Nelson was figuring out his first post-UCSB move — he’d been considering careers in journalism or law — when he was invited to a workshop put on by author Jack Canfield of Chicken Soup for the Soul fame. “Boom,” Nelson said, snapping his fingers. “The inspiration hit, and I thought, ‘What’s something I have expertise in?’ Being a good student.”

With his characteristic efficiency, Nelson set out to create an interactive journal for the new college student, hoping to pass along the lessons he learned and lived in an engaging and easy-to-use way. “I wanted to make college not such a threatening thing,” he said, noting that less than 35 percent of college students graduate in four years, and more than 40 percent never graduate at all.

Take Off! Your Pocket Coach to Student Success was published last August and reached number two on Amazon’s list of best-selling back-to-school books. Nelson partnered with his mom, Åsa Odbäck, on the book and credits her business acumen and life experience for its success. “We’re a great team,” he said.

Unfortunately, Nelson noted, colleges do little to prepare freshmen for their new lives of independence and higher learning, and how to manage both. He remembered his UCSB orientation focusing more on binge-drinking than study habits or health care. Take Off! helps students think both practically and introspectively, asking questions such as: What do you appreciate about yourself? What is your plan to take care of your body during college? and How do you manage times of stress? Blank pages are for responses, and motivational quotes and stories highlight different themes of self-help. The whole idea, said Nelson, is to build confidence and good habits in order to save time that would otherwise be wasted by doubt or distraction.

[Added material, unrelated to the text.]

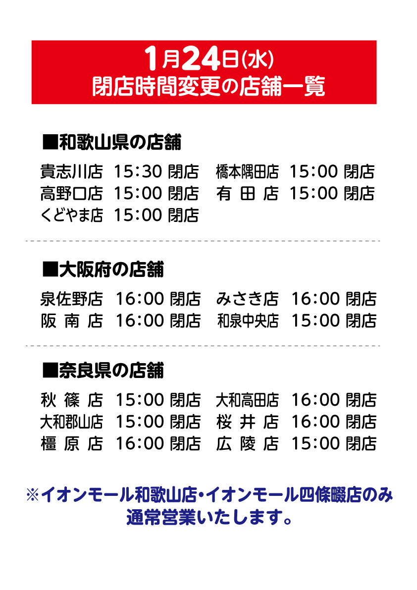 閉店時間変更のお知らせ【1月23日・1月24日】

Nelson admitted it’s tough for a young graduate like himself to not come across as sanctimonious. He’s careful about his approach, and that tact comes through in person. He’s authentically humble. He’s just happened to figure out time in a way most, especially college freshmen, haven’t. “There’s a lot of time in the day,” he said. “You just have to be aware of the best way to use it.” Nelson plans to have a few more books published by the end of the year.